EXAONE-3.5-32B-Instruct
Property | Value |
---|---|
Parameters | 30.95B |
Context Length | 32,768 tokens |
Architecture | 64 layers, GQA with 40 Q-heads and 8 KV-heads |
Vocabulary Size | 102,400 |
License | EXAONE AI Model License Agreement 1.1 - NC |
Author | LG AI Research |
What is EXAONE-3.5-32B-Instruct?
EXAONE-3.5-32B-Instruct is a state-of-the-art bilingual language model developed by LG AI Research, designed to excel in both English and Korean language tasks. As the flagship model in the EXAONE 3.5 series, it combines powerful performance with extensive context understanding capabilities of up to 32K tokens.
Implementation Details
The model employs a sophisticated architecture with 64 layers and uses Grouped-Query Attention (GQA) featuring 40 query heads and 8 key-value heads. It supports bfloat16 precision and can be deployed across various frameworks including TensorRT-LLM, vLLM, SGLang, llama.cpp, and Ollama.

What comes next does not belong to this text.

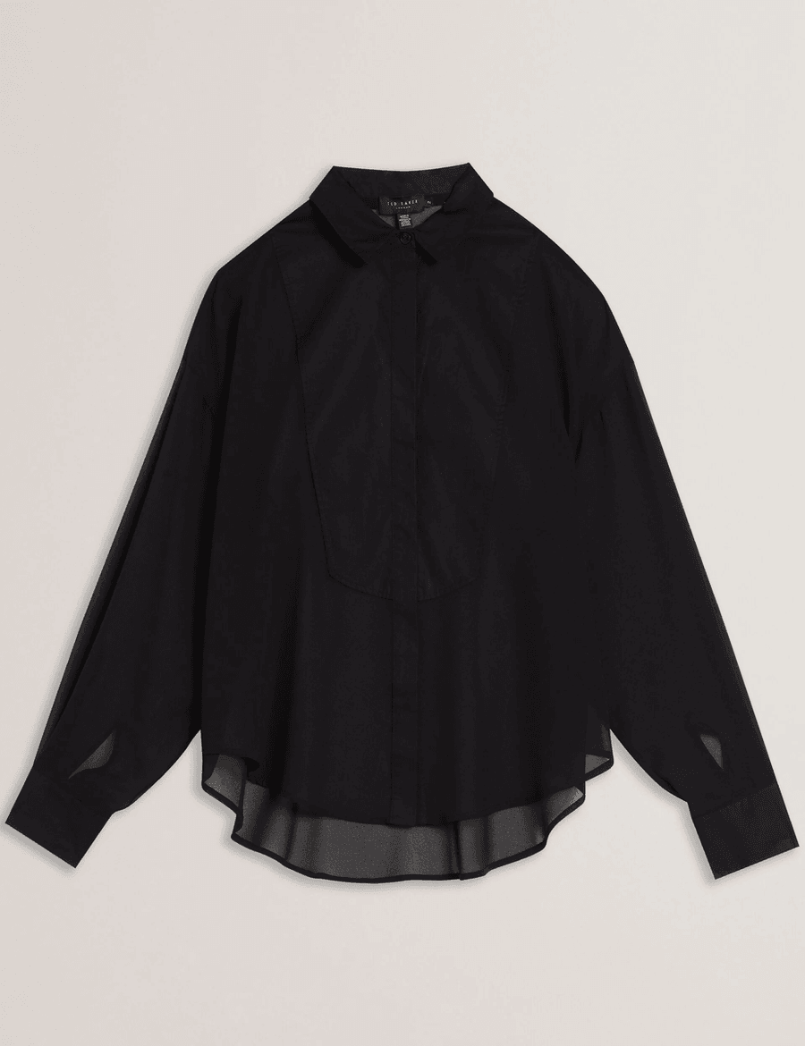 Discover the elegance of the Ted Baker LECHOSA | BLACK, a stunning long sleeve blouse that effortlessly combines style and comfort. Crafted from sheer woven fabric, this blouse features a chic bib-style front that adds a touch of sophistication to any outfit.

- Advanced bilingual capabilities in English and Korean
- Optimized for instruction-tuning with system prompts
- Supports long-context processing up to 32K tokens
- Available in multiple quantized versions (AWQ and GGUF formats)
Core Capabilities
- Strong performance in MT-Bench (8.51) and LiveBench (43.0)
- Exceptional results in Arena-Hard (78.6) and IFEval (81.7)
- Superior Korean language understanding (KoMT-Bench: 8.05)
- Competitive performance against other leading models like Qwen 2.5 32B and Gemma 2 27B
Frequently Asked Questions
Q: What makes this model unique?
EXAONE-3.5-32B-Instruct stands out for its balanced bilingual capabilities and exceptional performance in both English and Korean. Its 32K token context window and optimized architecture make it particularly suitable for complex, long-form tasks.
Q: What are the recommended use cases?
The model excels in real-world applications requiring bilingual understanding, long-context processing, and complex reasoning. It's particularly effective for tasks requiring deep comprehension in either English or Korean, making it suitable for translation, content generation, and analytical tasks.